The very first sketches, which later became part of the «Amber Sketches», were written in the second half of the 90s, when I studied at the Theremin Center (Moscow Conservatory). I attended Andrei Smirnov’s lectures on the history of electroacoustic music.
The Theremin Center computer studio had the following equipment at the time:
- Atari 1040ST + Cubase;
- Roland S-50;
- Yamaha TG33;
- E-mu Proteus/1;
- E-mu Procussion;
- and more.
To gain access to the equipment, one had to justify in writing his or her future project. But I had problems with that. I couldn’t line up a clear idea in my head, I just wanted to sequence the tunes that I composed earlier. The problem was that, in my view, this idea absolutely would not do for a serious electroacoustic project. “I want to just sit down and work” did not sound like a solid justification.
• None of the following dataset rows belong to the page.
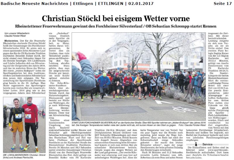 Mit Zeiten von 34 bis 52 Minuten erreichten vier Läufer der Freiwilligen Feuerwehr Rheinstetten das Ziel des diesjährigen Forchheimer Silvesterlaufs deutlich unter einer Stunde. Den Grad ihrer Fitness beim 10 km Rundlauf bestätigten bei Minustemperaturen: Christian Stöckl (Gesamtsieger), Simon Oehler, Klaus Kornmüller und Philip Bennewirtz gemeinsam mit weiteren knapp 650 Läuferinnen und Läufern.
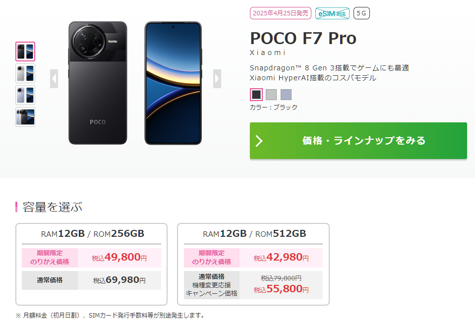 POCO F7 ProはAmazon、Xiaomi 公式 楽天市場店が主な販売元になっており、EC専用モデルとなっているため、家電量販店などの店頭では販売されていません。
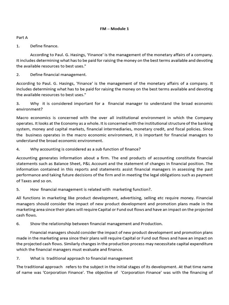7. Efficient financial management is necessary for the survival, growth, expansion and diversification of a
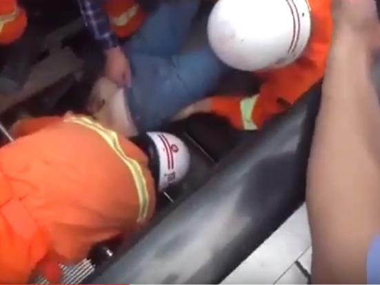 The workman, who was repairing the device in Beibei District of Chongqing in south-west China, was accidently sucked into the escalator after it “suddenly became operational”.
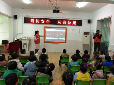 志愿者們根據(jù)幼兒年齡小、理解能力較弱的特點(diǎn),利用卡通圖片及簡潔易懂的小兒歌,就火災(zāi)的危害性、119報(bào)警注意事項(xiàng)、疏散逃生要點(diǎn)及滅火器使用方法等消防安全常識(shí)進(jìn)行了詳細(xì)講解。
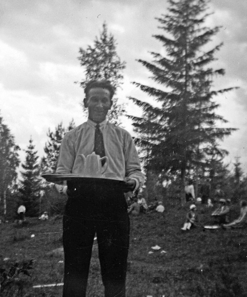 Bildtext: Två män med en fångad ekorre, till höger Bertil Johansson, Hagalund. Vet någon vem ?
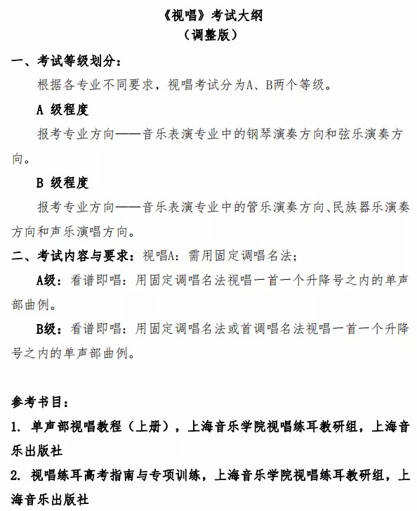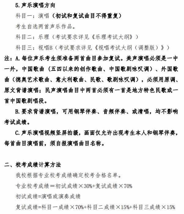 3.校考成绩计算方法相应调整,取消科目三听音考试,仅计算视唱成绩;
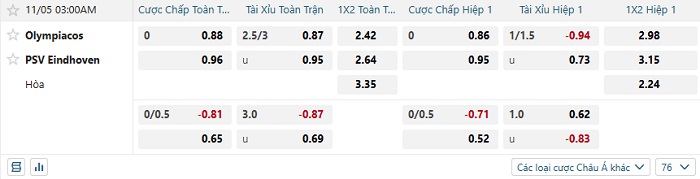 Tip kèo Châu Á hiệp 1 Olympiacos vs PSV
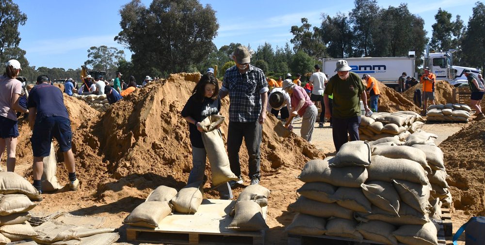 Huge community effort in #Moama to prepare for expected major flooding. Residents reporting they don’t even know the people turning up to sandbag homes, they are just chipping in to help. @abcnews #NSWFloods pic.twitter.com/gR8w6PaEWY
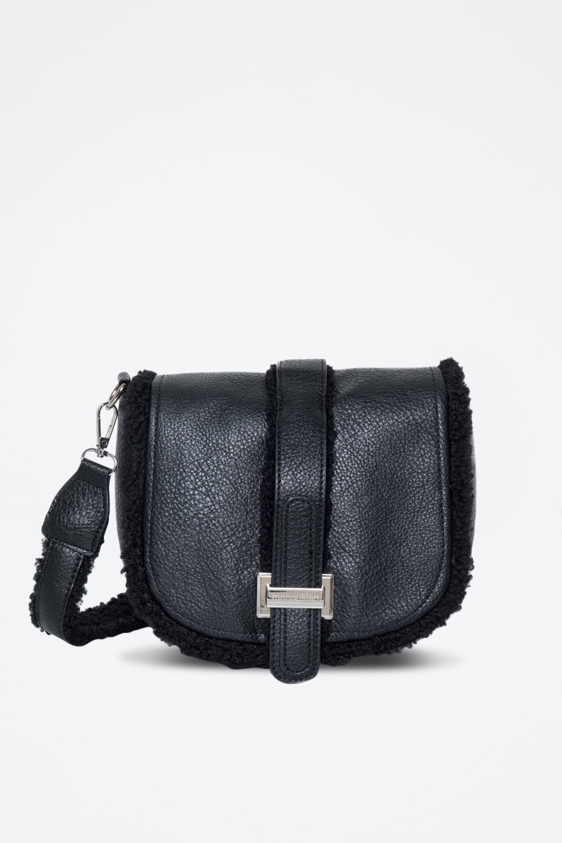 Empiècements en fourrure synthétique sur l’anse et devant.
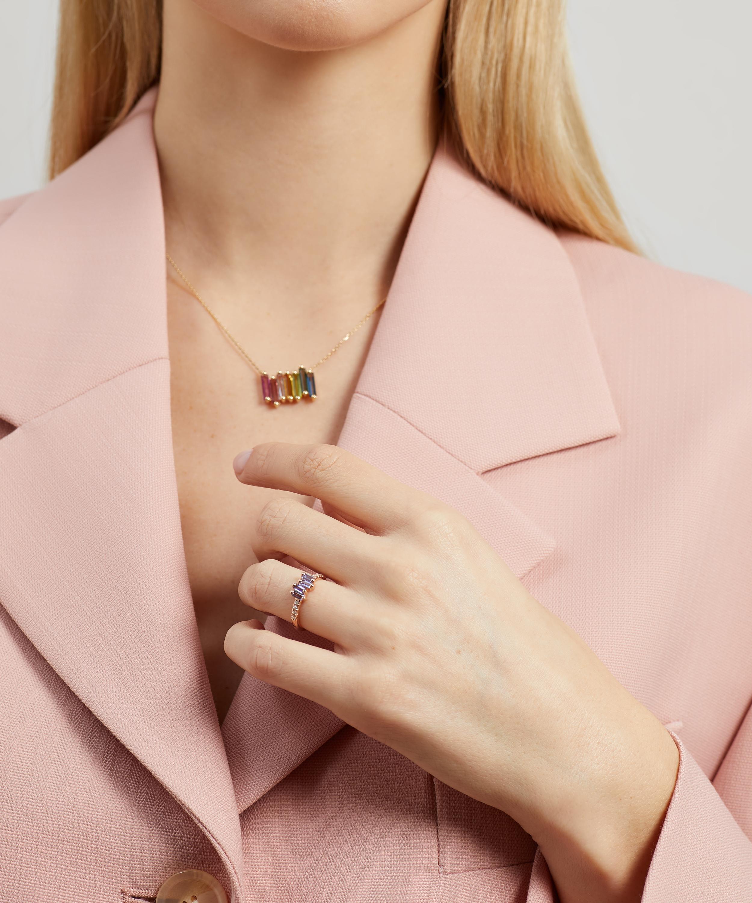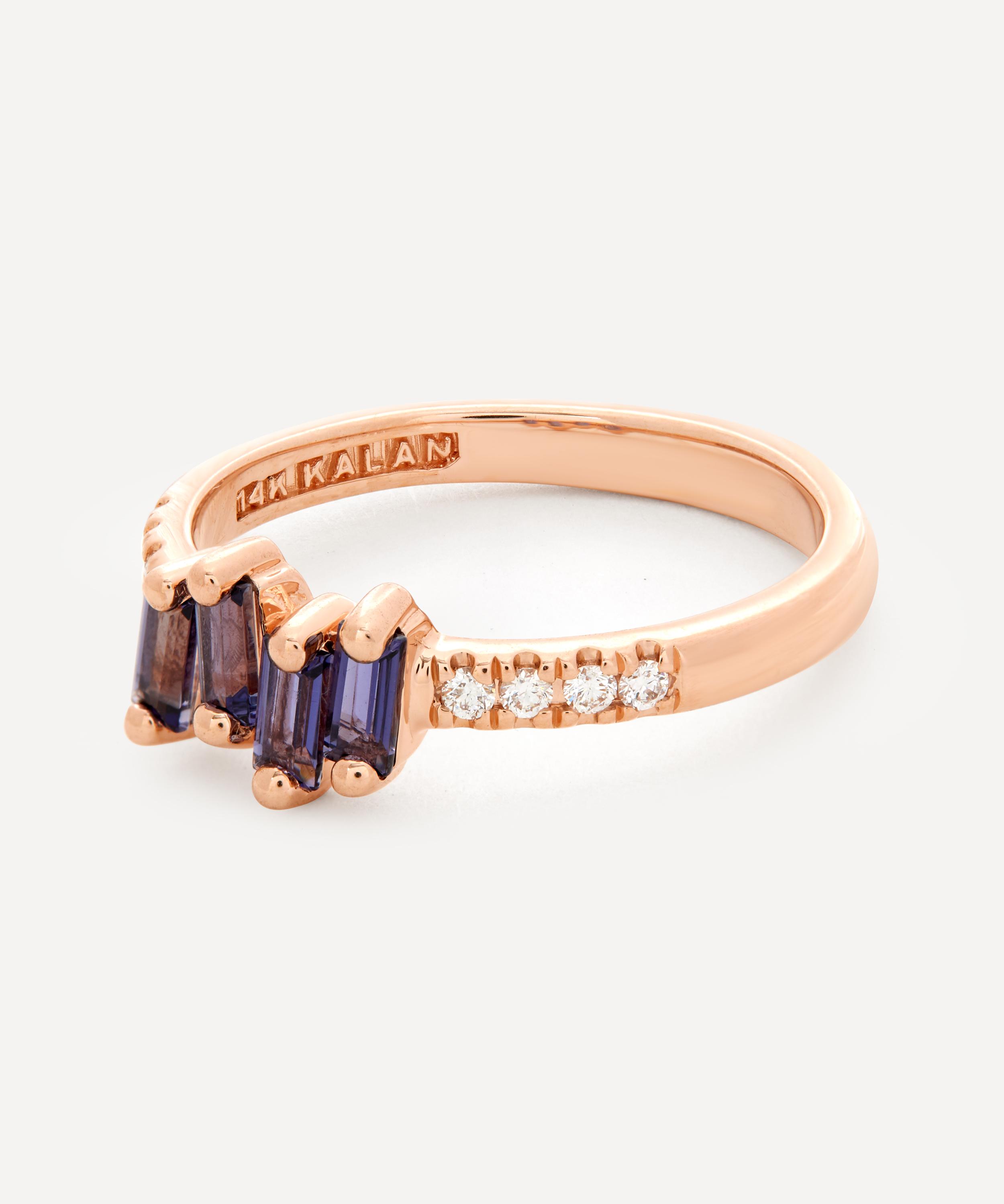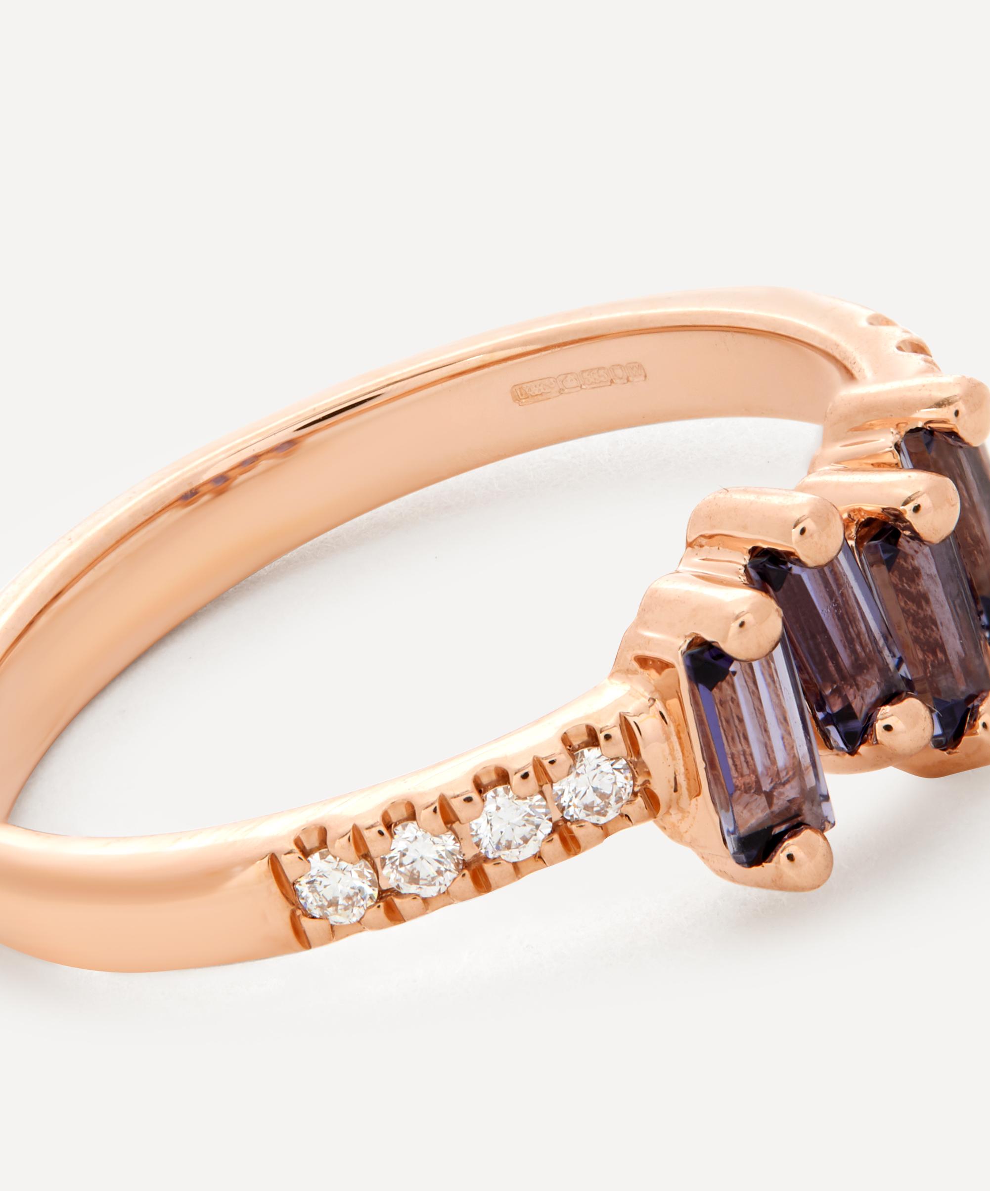 Crafted from solid 14 carat rose gold, this ring features a subtly irregular row of four baguette cut iolite stones, presented on a slim, polished band with glittering pavé diamond shoulders. Style it solo for a pop of colour day-to-day, or stack it with several of the designer's other glittering gemstone rings for a dazzling, evening-ready approach.
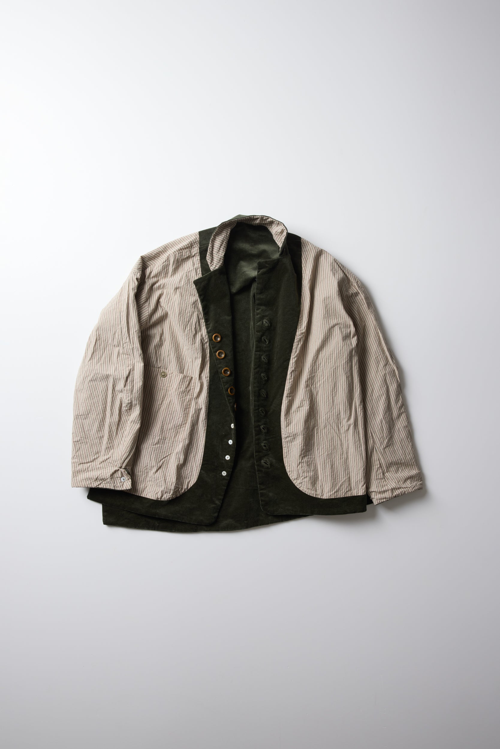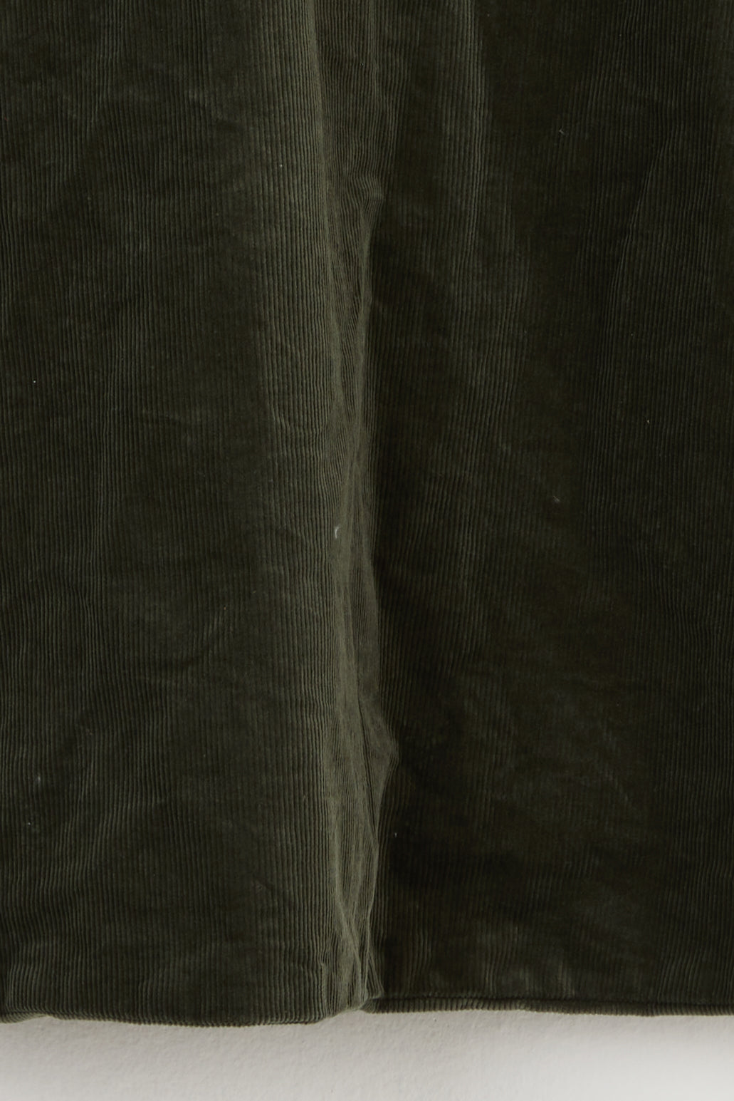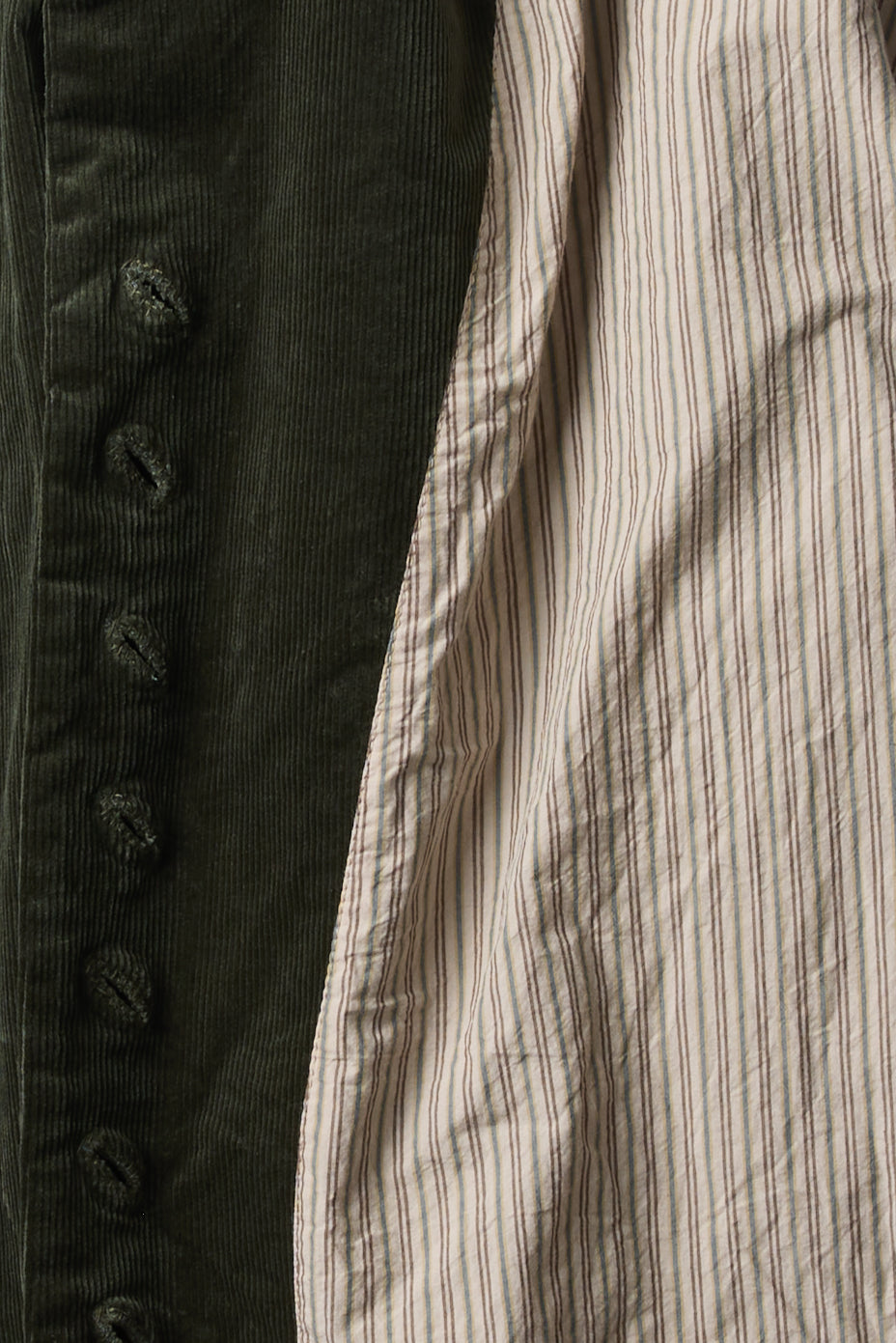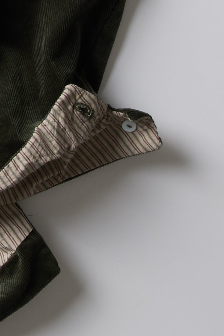 Frank corduroy jacket by Maya Zukerman. A wide and short lined corduroy jacket. Relaxed, boxy fit with striped cotton lining, dropped shoulders, a shorter front side and an upright collar. Features Corozo button closure and hand embroidered button holes. This jacket also has Side slits and two front patch pockets.

But the long-awaited moment came, the studio was free, and I finally got access to all its splendor. So I sat down to work (without any written justification) and learn Cubase on-the-fly.
The first opus died almost instantly: while I was listening in awe to the tracks I had just sequenced, the cleaner came in and without further ado turned off the master-switch in the room. The song was not yet saved to the floppy disk. I still believe that that very first one was truly brilliant 🙂 (since then I save the project on which I am currently working, every five minutes, just in case).
Then things got better. The recording sessions were just great. I had no time for my previously composed tunes, as the new ones kept coming on-the-fly as soon as I touched the keyboard and selected a new patch. There were so many new musical ideas. I did not do final mixes, as I had no time for that as well, and in fact it was still too early for final mixes. I just copied my music sketches to tape at the end of each session, to listen to them at home and decide which ones to work on in the first place, and which ones to put aside.
However, it turned out that I had to postpone everything. And for a long time. (And when the time had passed, I realized that I could not restore sessions in their original form anymore, because for some reasons I lost access to all equipment on which the tunes were based.)
I will never forget those April sessions because for the first time in my life I saw the musical ideas flow like a steady stream, and I only had to record them. Yamaha TG33 especially contributed inspiration. And not only Yamaha TG33.
Then it was July, and I came across a book by Roger Zelazny, “Nine Princes in Amber”, and started to realize what I was actually composing during those sessions.
Some of the music written then is now finished, mixed and titled “Amber Sketches”.